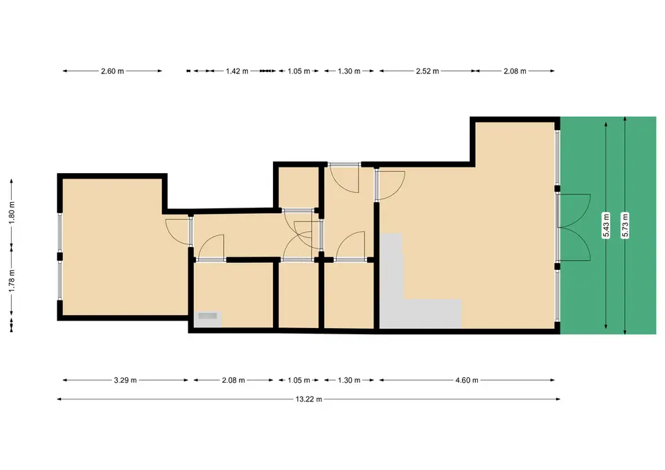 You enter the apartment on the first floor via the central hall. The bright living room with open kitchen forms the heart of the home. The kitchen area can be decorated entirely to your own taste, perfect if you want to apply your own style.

...

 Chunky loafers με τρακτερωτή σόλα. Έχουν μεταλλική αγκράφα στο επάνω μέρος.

--

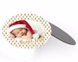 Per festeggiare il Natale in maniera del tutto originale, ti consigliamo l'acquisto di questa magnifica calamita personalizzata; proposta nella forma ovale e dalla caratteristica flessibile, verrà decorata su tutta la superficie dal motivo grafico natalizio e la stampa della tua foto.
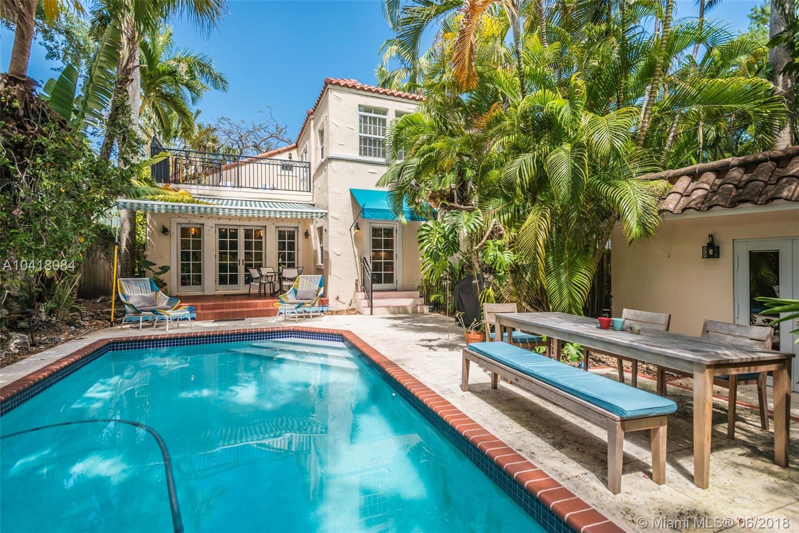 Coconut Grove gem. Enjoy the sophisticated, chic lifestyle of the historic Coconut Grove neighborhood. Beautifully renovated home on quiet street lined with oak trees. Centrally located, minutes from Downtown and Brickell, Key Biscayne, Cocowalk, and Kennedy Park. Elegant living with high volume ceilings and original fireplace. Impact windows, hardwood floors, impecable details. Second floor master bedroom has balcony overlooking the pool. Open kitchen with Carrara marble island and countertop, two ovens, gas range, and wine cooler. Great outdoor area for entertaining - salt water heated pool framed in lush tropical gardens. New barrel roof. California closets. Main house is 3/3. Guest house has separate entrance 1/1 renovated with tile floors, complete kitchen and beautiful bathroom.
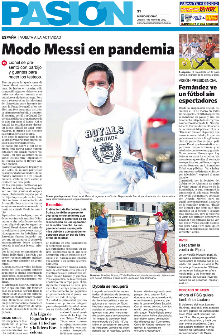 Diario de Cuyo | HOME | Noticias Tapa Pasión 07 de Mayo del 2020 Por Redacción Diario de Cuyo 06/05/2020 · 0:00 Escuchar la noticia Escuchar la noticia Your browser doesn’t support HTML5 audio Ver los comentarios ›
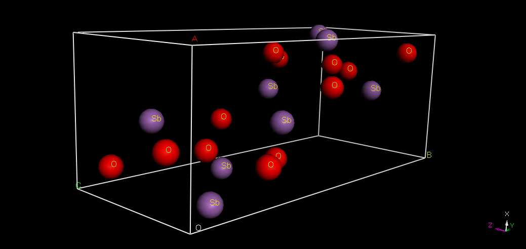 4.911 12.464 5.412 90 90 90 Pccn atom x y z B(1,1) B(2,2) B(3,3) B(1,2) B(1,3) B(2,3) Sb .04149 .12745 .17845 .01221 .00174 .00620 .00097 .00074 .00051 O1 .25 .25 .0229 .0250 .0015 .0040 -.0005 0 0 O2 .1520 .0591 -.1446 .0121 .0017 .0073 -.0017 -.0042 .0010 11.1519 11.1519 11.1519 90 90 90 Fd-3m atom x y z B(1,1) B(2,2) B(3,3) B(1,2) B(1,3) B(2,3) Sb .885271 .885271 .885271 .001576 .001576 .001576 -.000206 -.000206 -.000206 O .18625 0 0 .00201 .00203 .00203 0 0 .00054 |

__PROBLEM TO WORK ON__: What you return must match, character for character, the lines above from the one with "Diario de Cuyo |" through the one with "4.911 12.464 5.412", minus any pictures.

__TASK RESULT__:
 Diario de Cuyo | HOME | Noticias Tapa Pasión 07 de Mayo del 2020 Por Redacción Diario de Cuyo 06/05/2020 · 0:00 Escuchar la noticia Escuchar la noticia Your browser doesn’t support HTML5 audio Ver los comentarios ›
 4.911 12.464 5.412 90 90 90 Pccn atom x y z B(1,1) B(2,2) B(3,3) B(1,2) B(1,3) B(2,3) Sb .04149 .12745 .17845 .01221 .00174 .00620 .00097 .00074 .00051 O1 .25 .25 .0229 .0250 .0015 .0040 -.0005 0 0 O2 .1520 .0591 -.1446 .0121 .0017 .0073 -.0017 -.0042 .0010 11.1519 11.1519 11.1519 90 90 90 Fd-3m atom x y z B(1,1) B(2,2) B(3,3) B(1,2) B(1,3) B(2,3) Sb .885271 .885271 .885271 .001576 .001576 .001576 -.000206 -.000206 -.000206 O .18625 0 0 .00201 .00203 .00203 0 0 .00054 |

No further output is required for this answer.